_Task description:_ Reproduce only this stretch of the listing below: from the line with "14oz Cone Mills" through the line with "最新廈門(mén)外資企業(yè)黃頁(yè)涵蓋了廈門", exactly as written, with pictures excluded.

_Exercise materials:_
BEGIN

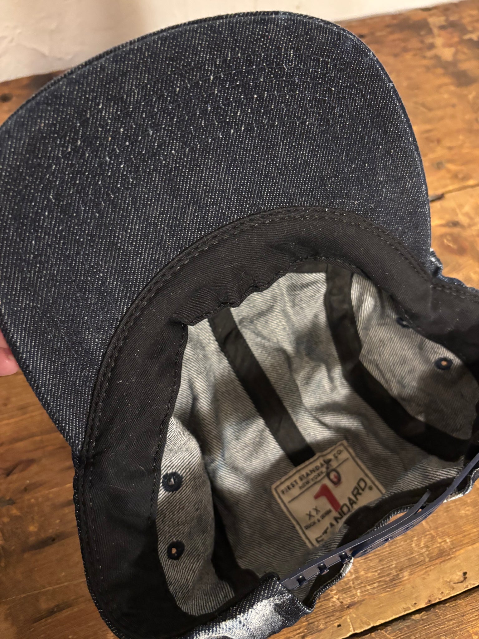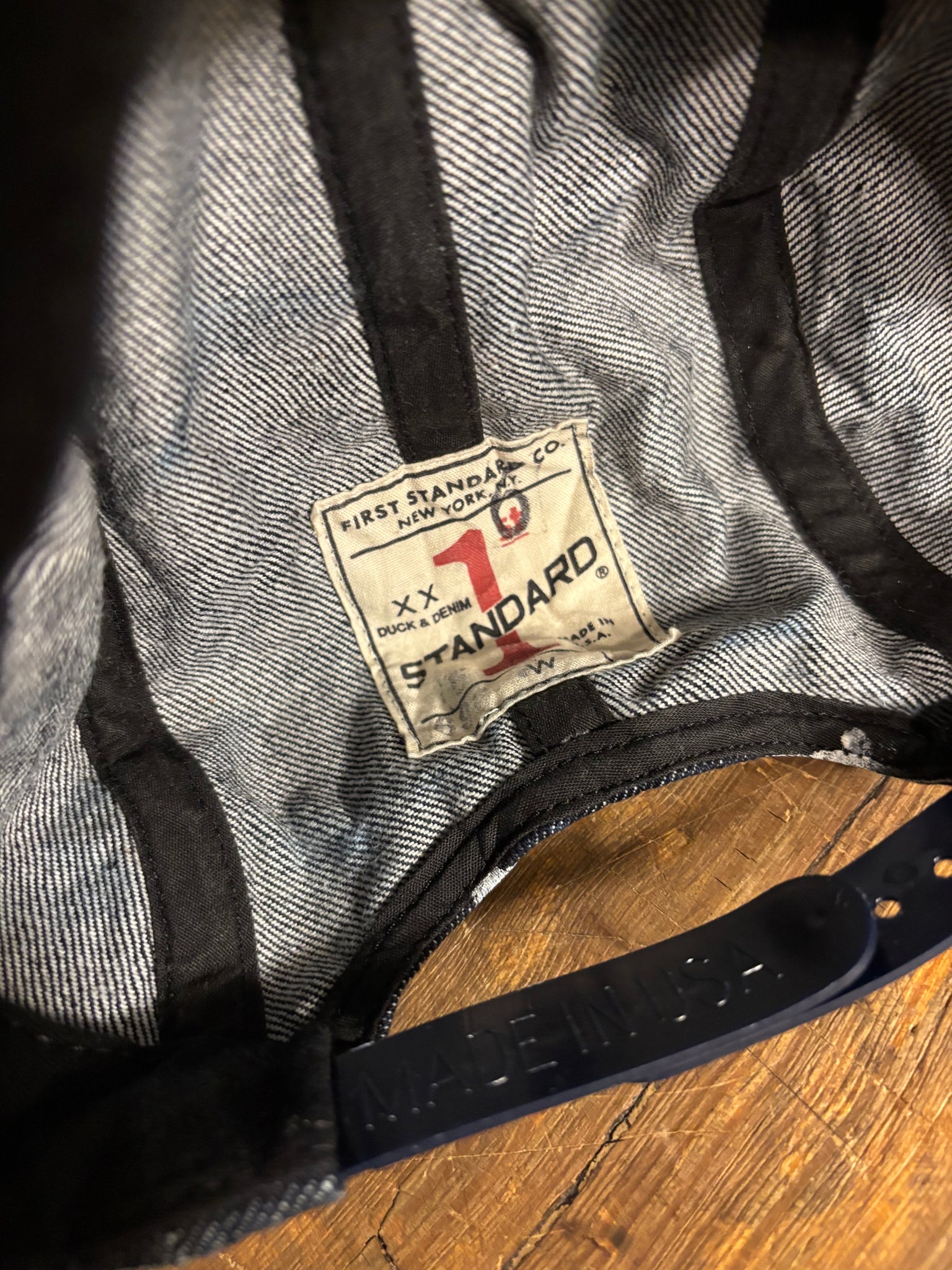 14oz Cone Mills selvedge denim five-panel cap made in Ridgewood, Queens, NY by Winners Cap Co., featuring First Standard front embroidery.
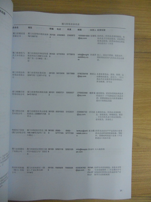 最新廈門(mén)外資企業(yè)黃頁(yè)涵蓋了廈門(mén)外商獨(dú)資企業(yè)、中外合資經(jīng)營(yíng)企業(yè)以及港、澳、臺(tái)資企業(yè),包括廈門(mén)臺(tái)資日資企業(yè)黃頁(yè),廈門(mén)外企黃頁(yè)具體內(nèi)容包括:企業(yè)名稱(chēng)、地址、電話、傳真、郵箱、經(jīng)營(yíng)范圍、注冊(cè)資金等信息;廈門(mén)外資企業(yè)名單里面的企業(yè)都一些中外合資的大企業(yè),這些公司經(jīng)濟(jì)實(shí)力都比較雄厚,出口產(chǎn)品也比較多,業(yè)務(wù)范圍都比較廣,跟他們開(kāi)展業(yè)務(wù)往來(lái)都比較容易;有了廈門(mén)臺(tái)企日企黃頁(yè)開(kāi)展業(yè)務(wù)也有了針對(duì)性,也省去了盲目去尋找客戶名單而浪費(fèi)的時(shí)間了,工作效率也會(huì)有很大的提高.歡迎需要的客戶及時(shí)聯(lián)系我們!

END
BEGIN

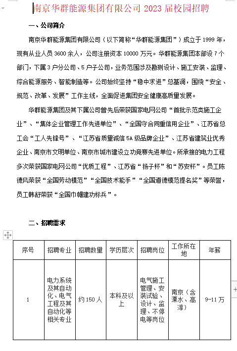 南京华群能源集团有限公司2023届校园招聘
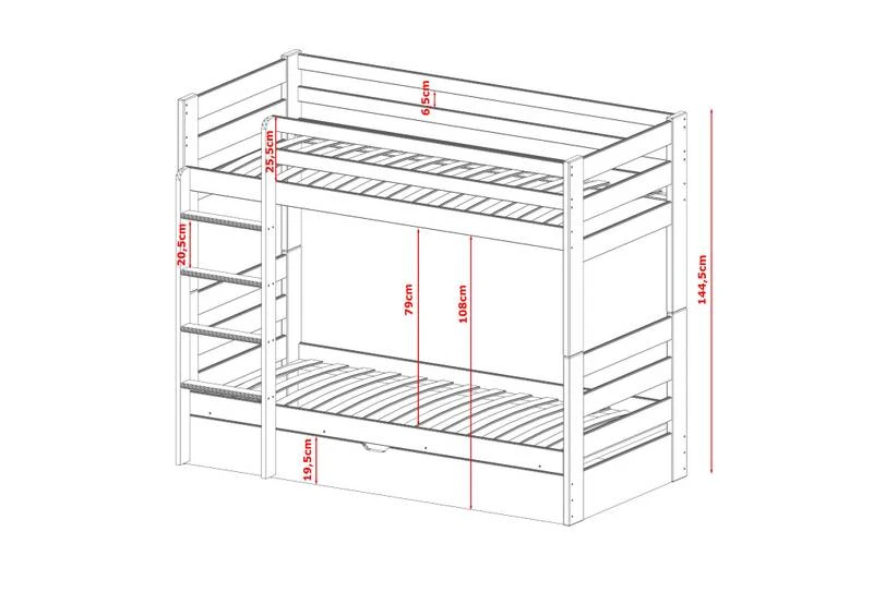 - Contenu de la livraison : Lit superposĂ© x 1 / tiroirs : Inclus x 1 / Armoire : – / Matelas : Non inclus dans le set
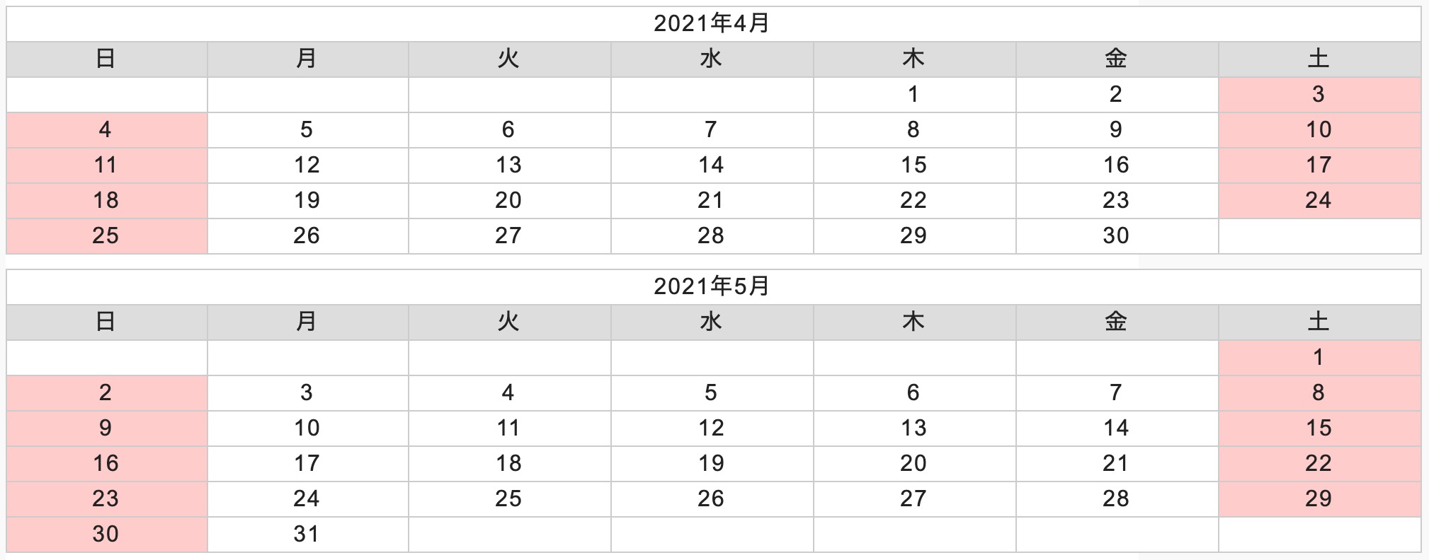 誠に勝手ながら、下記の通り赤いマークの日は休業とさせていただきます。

END

_Answer section:_
 14oz Cone Mills selvedge denim five-panel cap made in Ridgewood, Queens, NY by Winners Cap Co., featuring First Standard front embroidery.
 最新廈門(mén)外資企業(yè)黃頁(yè)涵蓋了廈門(mén)外商獨(dú)資企業(yè)、中外合資經(jīng)營(yíng)企業(yè)以及港、澳、臺(tái)資企業(yè),包括廈門(mén)臺(tái)資日資企業(yè)黃頁(yè),廈門(mén)外企黃頁(yè)具體內(nèi)容包括:企業(yè)名稱(chēng)、地址、電話、傳真、郵箱、經(jīng)營(yíng)范圍、注冊(cè)資金等信息;廈門(mén)外資企業(yè)名單里面的企業(yè)都一些中外合資的大企業(yè),這些公司經(jīng)濟(jì)實(shí)力都比較雄厚,出口產(chǎn)品也比較多,業(yè)務(wù)范圍都比較廣,跟他們開(kāi)展業(yè)務(wù)往來(lái)都比較容易;有了廈門(mén)臺(tái)企日企黃頁(yè)開(kāi)展業(yè)務(wù)也有了針對(duì)性,也省去了盲目去尋找客戶名單而浪費(fèi)的時(shí)間了,工作效率也會(huì)有很大的提高.歡迎需要的客戶及時(shí)聯(lián)系我們!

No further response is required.